- Task goal:
Return every line from the one with "量的积累已经完成,质的提升亟" through the one with "time before we", inclusive, exactly as it appears below.

- Given records:
------------------------------------

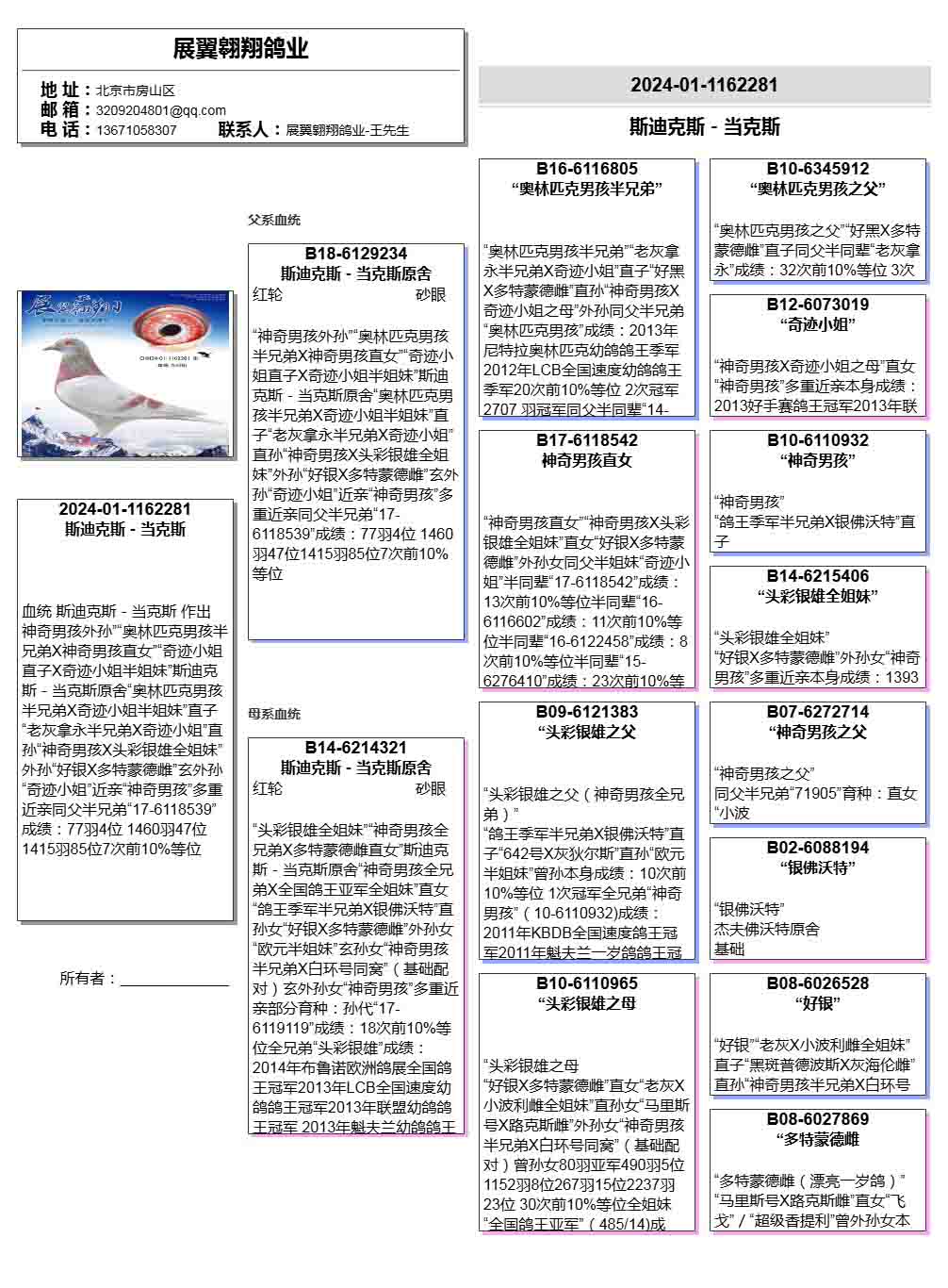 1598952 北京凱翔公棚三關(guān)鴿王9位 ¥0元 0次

------------------------------------

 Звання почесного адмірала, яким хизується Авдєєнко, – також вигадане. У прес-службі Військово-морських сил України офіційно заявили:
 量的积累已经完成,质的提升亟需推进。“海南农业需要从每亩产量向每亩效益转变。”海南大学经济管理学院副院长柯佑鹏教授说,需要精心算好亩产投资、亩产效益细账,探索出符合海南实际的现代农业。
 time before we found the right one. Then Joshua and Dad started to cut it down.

------------------------------------

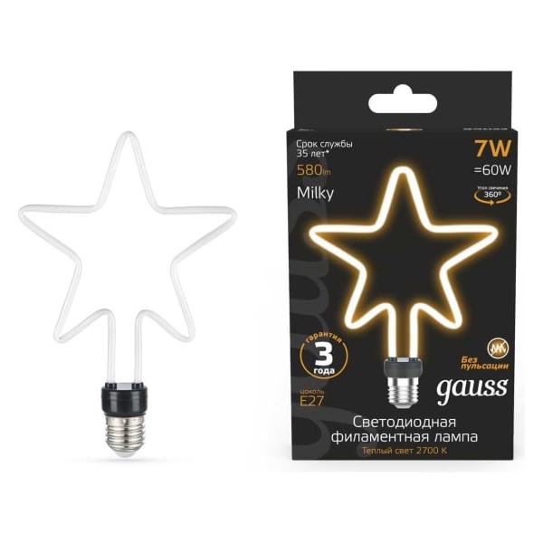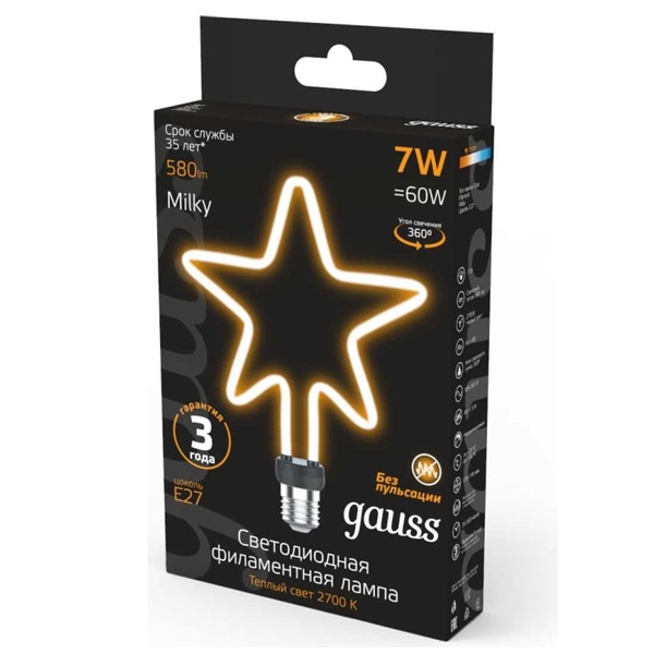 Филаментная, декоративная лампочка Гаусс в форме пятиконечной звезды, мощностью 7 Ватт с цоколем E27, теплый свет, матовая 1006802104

------------------------------------

- Solution to the problem:
 量的积累已经完成,质的提升亟需推进。“海南农业需要从每亩产量向每亩效益转变。”海南大学经济管理学院副院长柯佑鹏教授说,需要精心算好亩产投资、亩产效益细账,探索出符合海南实际的现代农业。
 time before we found the right one. Then Joshua and Dad started to cut it down.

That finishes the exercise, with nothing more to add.